Industry experts routinely criticize metro WDM solutions offered by incumbent suppliers for being little more than scaled-down versions of long-haul systems. The fairness of this blanket accusation varies by supplier, but all the incumbent manufacturers have designed their metro products on same underlying platforms as their long-haul systems.
An incumbent local exchange carrier (ILEC) using just four of the 32 available channels in one of these metro systems may save initial capital outlays on channel cards, but the carrier still pays for the full 32x1 optical multiplexing fabric and accompanying optics, even though it initially uses only 1/8th of the system's capacity. Newer market entrants are introducing products that modularize the multiplexing fabric in addition to the channel cards. This modularity supports lower life cycle costs and tracks the timing of carrier investments more closely to capacity utilization. This enhanced level of scalability lowers the cost equation materially for metro WDM investment, and should help jump-start the adoption of this technology at the local level.
Transparency
Current WDM systems are dumb devices with static operations. "Dumb" is not meant to trivialize the extraordinary challenges overcome by developers of current generation equipment. But face it—WDM end terminals are the optical reincarnation of time division multiplexing (TDM) channel banks. WDM terminals mux up and demux down, but provide little dynamic control over operations. The transparent (all-optical) segments of current WDM networks are configured in line architectures only. In instances where WDM terminals reside on physical rings, the networks become opaque at ring nodes, where synchronous optical network add/drop multiplexers (SONET ADMs) feed circuits on and off the rings electrically.

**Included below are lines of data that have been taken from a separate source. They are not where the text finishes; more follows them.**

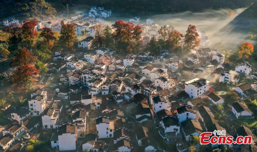 Maple leaves turn red in Shicheng village, East China's Jiangxi Province. Red leaves and white-and-gray-hued Hui-style architecture make a picturesque scenery. (Photo: China News Service/Hu Dunhuang)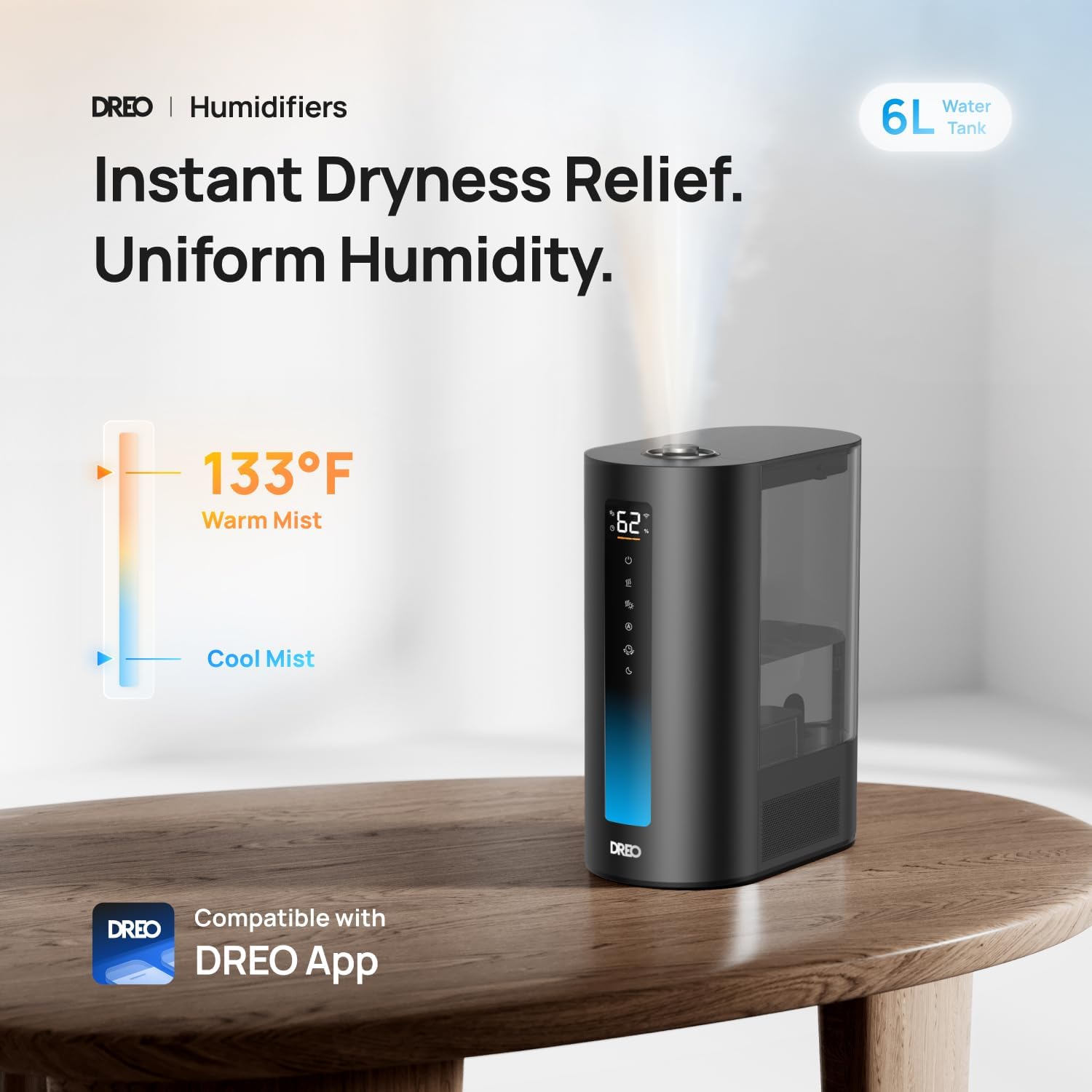 Dreo 6L Humidifiers for Bedroom, Smart Warm & Cool Mist for Large Room, 60Hr Quiet Runtime for Baby, Plant, Humidity Sensor, Indicator Light, 12H Timer, Google/Alexa, Black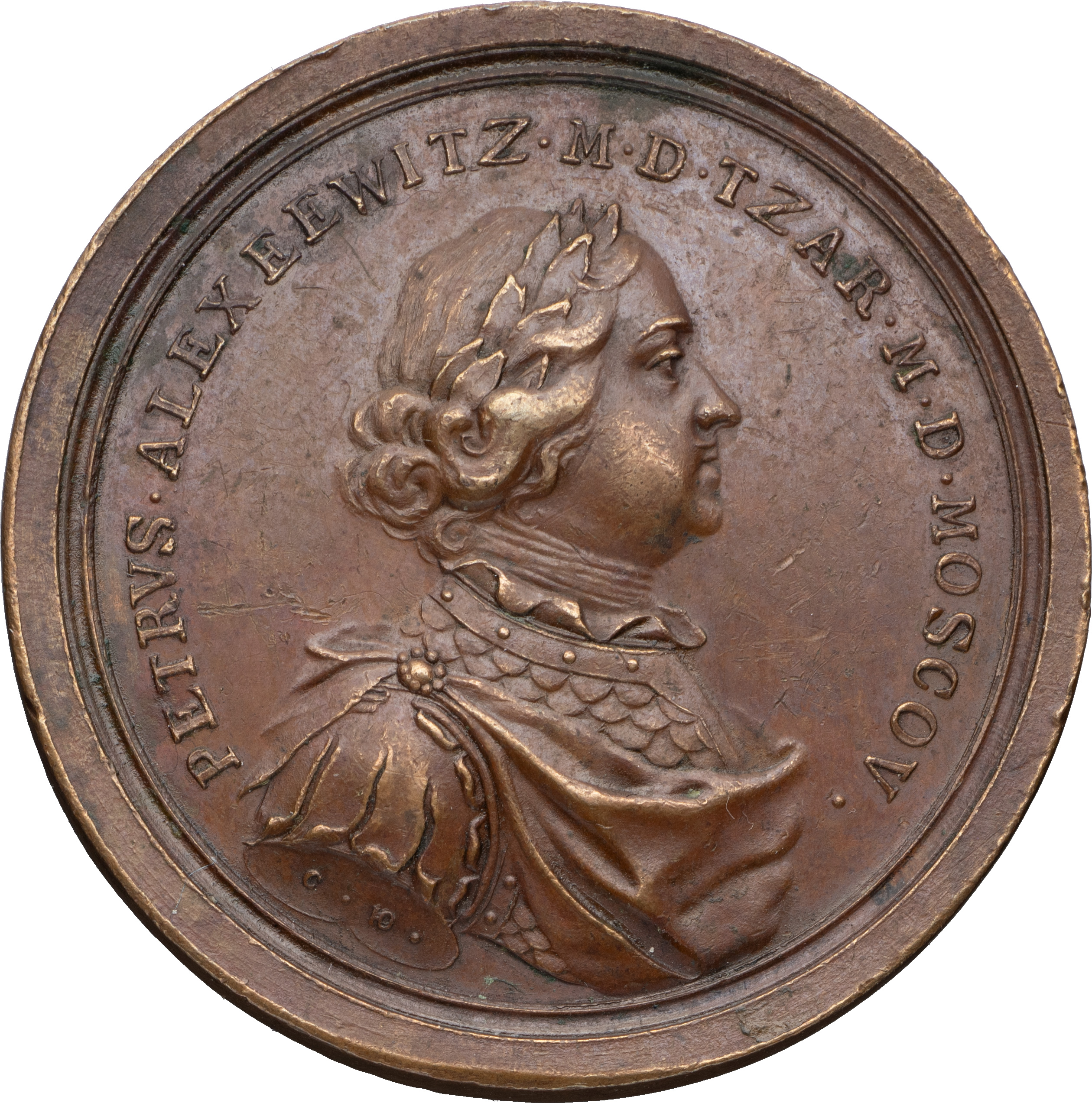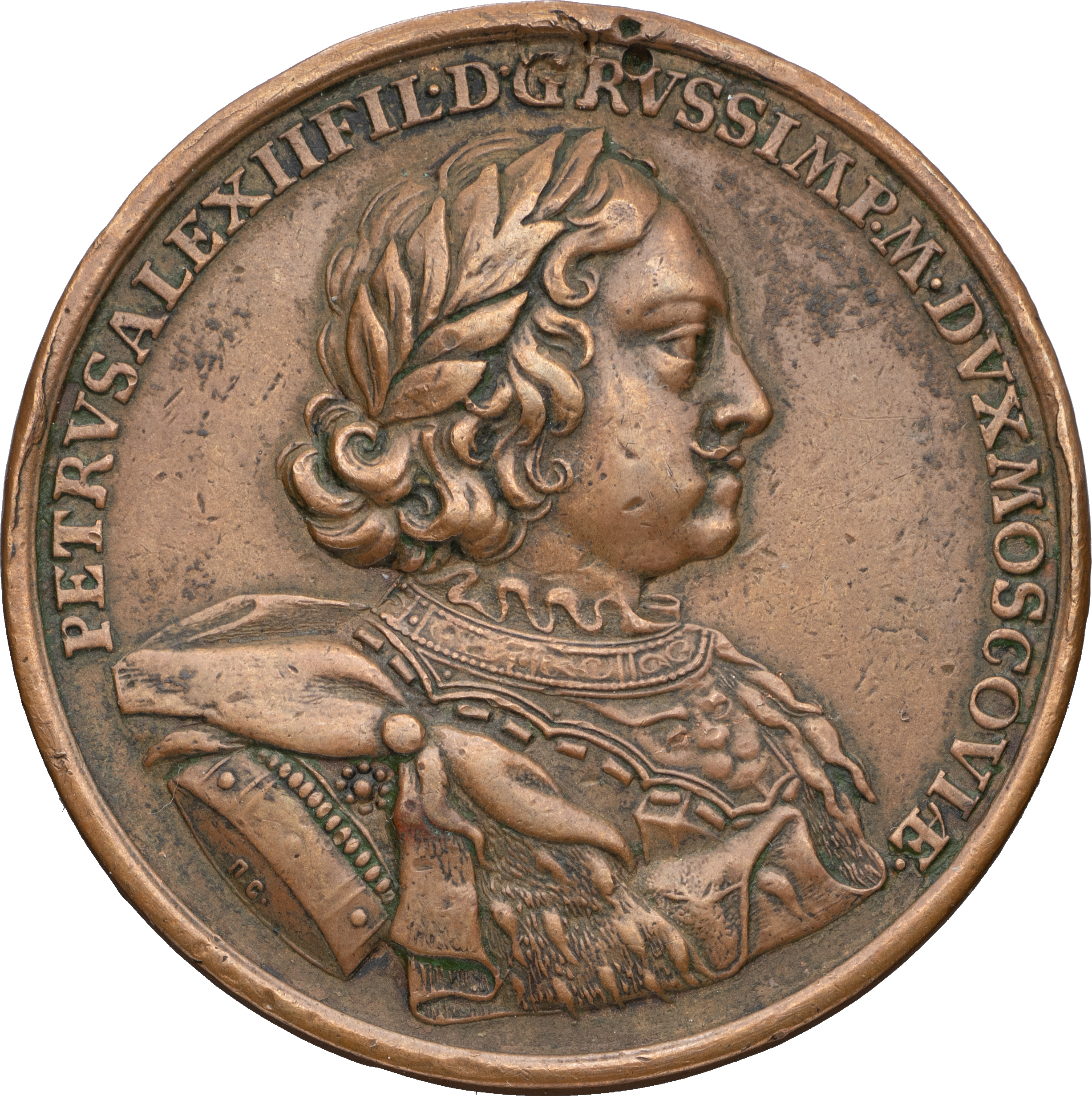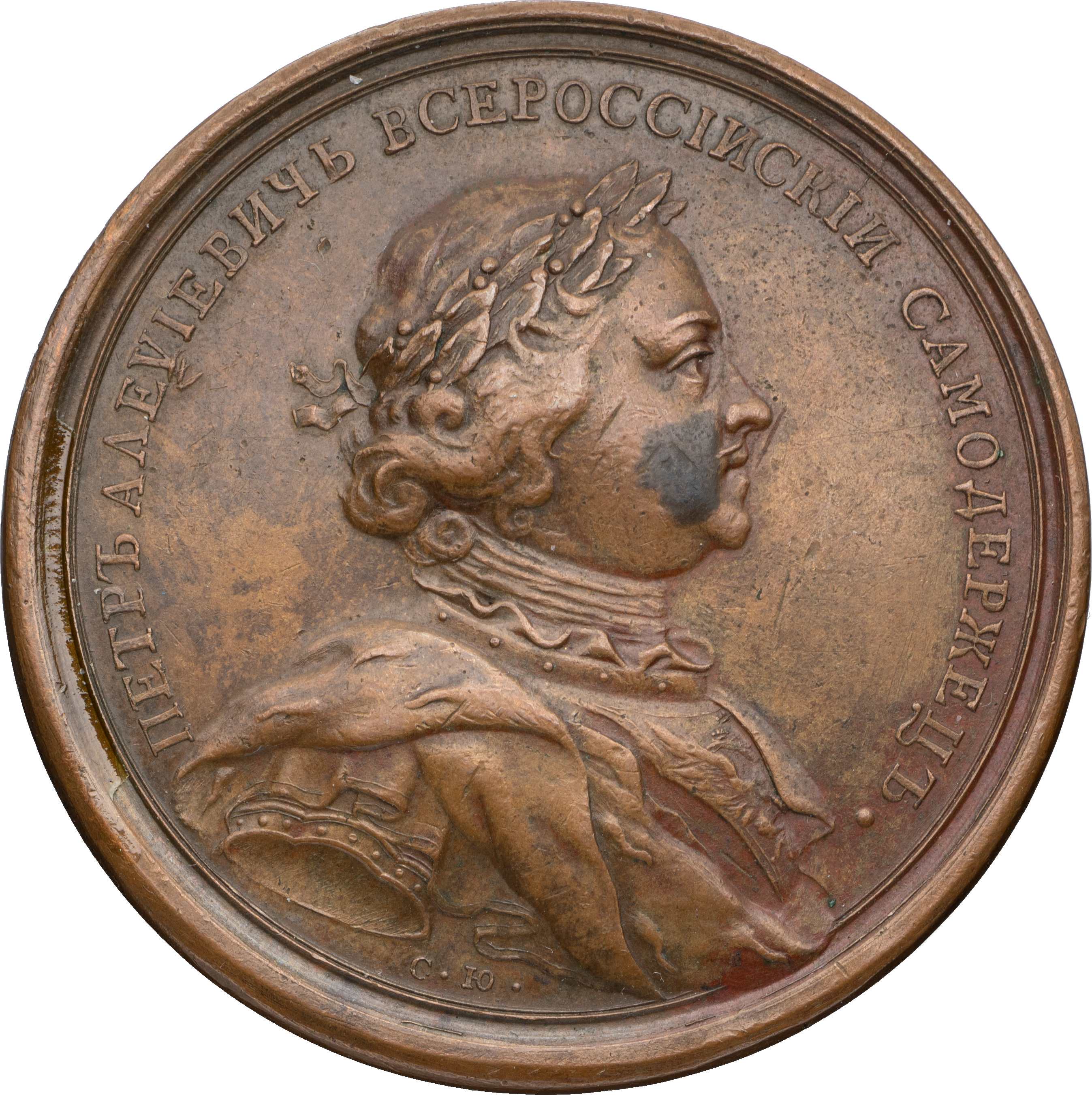 Наградная унтер-офицерская медаль за сражение при Полтаве, 27 июня 1709 г., новодел. СПб монетный двор, середина XVIII в. Медальеры: лиц. ст. — С.Ю. Юдин (внизу на поле: С·Ю·), об. ст. — Б. Скотт (слева над линией обреза изображения: B:SCOTT·F·). Бронза; 58,73 г. Диаметр 51,3 мм. Иверсен# XXIV.1.а. Смирнов# 182. Дьяков# 27.2. Соколов# 060.а.2.К (R). Великие Русские победы в медали и гравюре, 1709. # 301–305. Биткин (медали)# К170 (R). Сохранность очень хорошая. Довольно редкая.

Let's not be ungrateful to SONET ADMs and digital cross-connects (DCSs). The high level of dependability taken for granted with the public telephone network is due largely to the dynamic nature of SONET and digital cross-connect (DCS) systems, and their supporting management systems. Functions such as Automatic Protection Switching, Dynamic Bandwidth Allocation, drop-and-continue, and circuit grooming permit real-time, automated changes in network transmission configurations. These features also enable network survivability over ring and mesh architectures.
But in the hybrid optical/electrical world of opaque networks, optical-to-electrical conversions at ADM and DCS nodes introduce failure points, require substantial power, slow down traffic processing, and take up precious real estate. All-optical systems are being developed to resolve these issues.

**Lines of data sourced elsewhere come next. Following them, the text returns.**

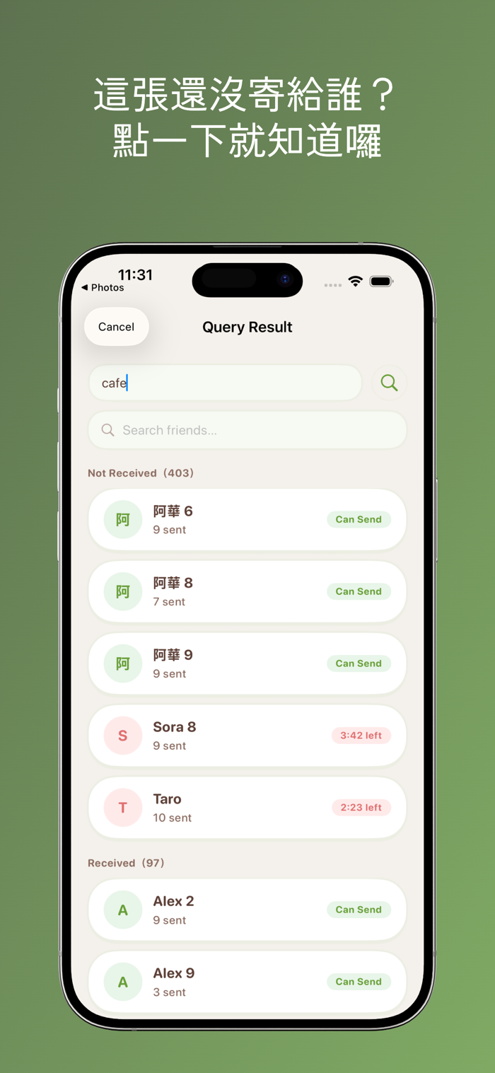 分享截圖進來,秒查全好友名單:「未收過」排前面,可寄送的再優先——效率最大化,沒有漏網之魚。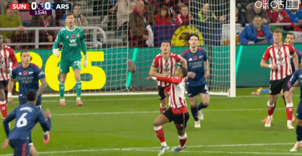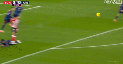 第34分钟,扎卡被判犯规,随后欲找倒地的梅里诺理论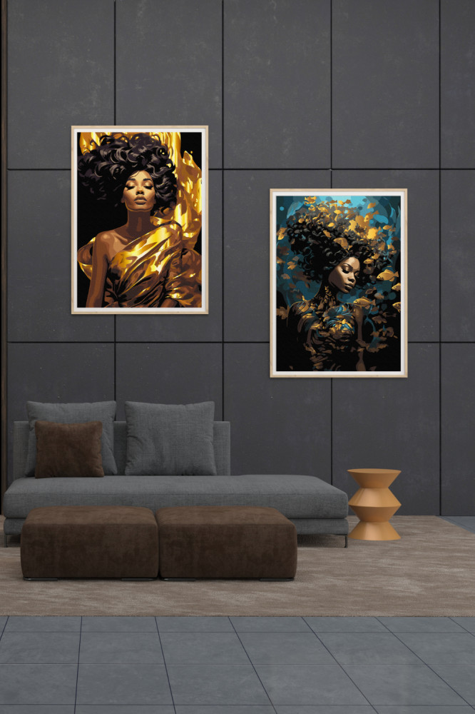 Goldene Eleganz - 2-teiliges Malen-nach-Zahlen-Set auf Leinwand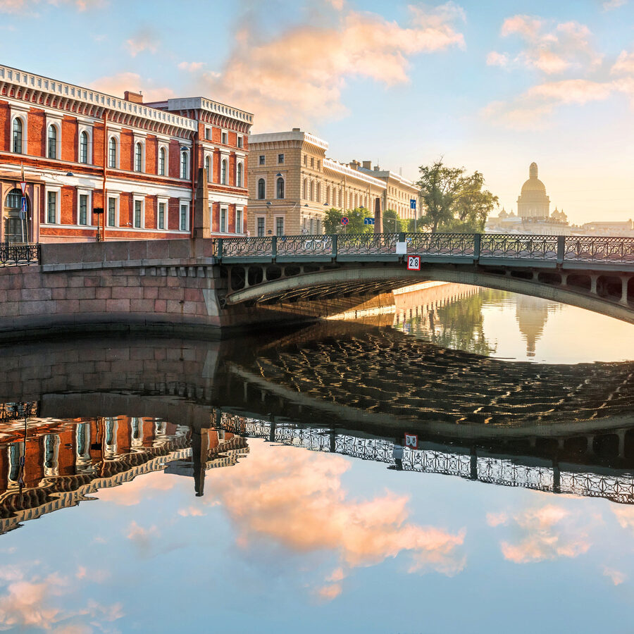 Начните день на тихой улочке у Мойки: из кофейни с ароматом корицы вы выходите на Поцелуев мост — небольшой, камерный, с классическим петербургским видом на изгиб реки и медно-серые набережные. Слышен плеск воды, трамвайчик вдали звенит, а на горизонте мерцает золотой купол Исаакиевского собора. По традиции здесь целуются — говорят, это к счастью и возвращению в Петербург. Если вы одни, достаточно загадать желание и коснуться перил: город хранит такие секреты.

The realization of truly transparent networks is a non-starter without the availability of optical switch fabrics. Optical switching facilitates the flow and routing of terabits of traffic on optical networks. Agnostic to the protocols and services passing through them, optical switches will support the service provider goal of operating an integrated, multi-service (voice, data, and video) network.
Much effort is being directed at compact (card-, and eventually chip-size) photonic crossbar switches that dynamically interconnect wavelength channels and easily integrate into systems architectures. All-optical switches based on the mechanical alignment of mirrors or fibers have been available for years, but these switches are too bulky for large telecom systems, which eventually must scale beyond 1,000 ports (optical channels).
Leveraging years of development work for printer and display applications, commercial introductions of micro-mechanical reflectors and liquid crystal switches will begin next year. Work in other solid state switching materials, such as LiNbO3 and polymers, continues on a number of fronts. The integration of these devices into commercial communications systems will mark a significant milestone for next-generation optical networks.
Tunability
True optical networking requires all-optical ADMs (OADMs) and cross-connects (OXCs) that replicate the utility of their electrical counterparts, SONET ADMs and DCSs. Fundamental to these all-optical network elements is the tunability of critical optical parameters, including wavelength, dispersion, and gain.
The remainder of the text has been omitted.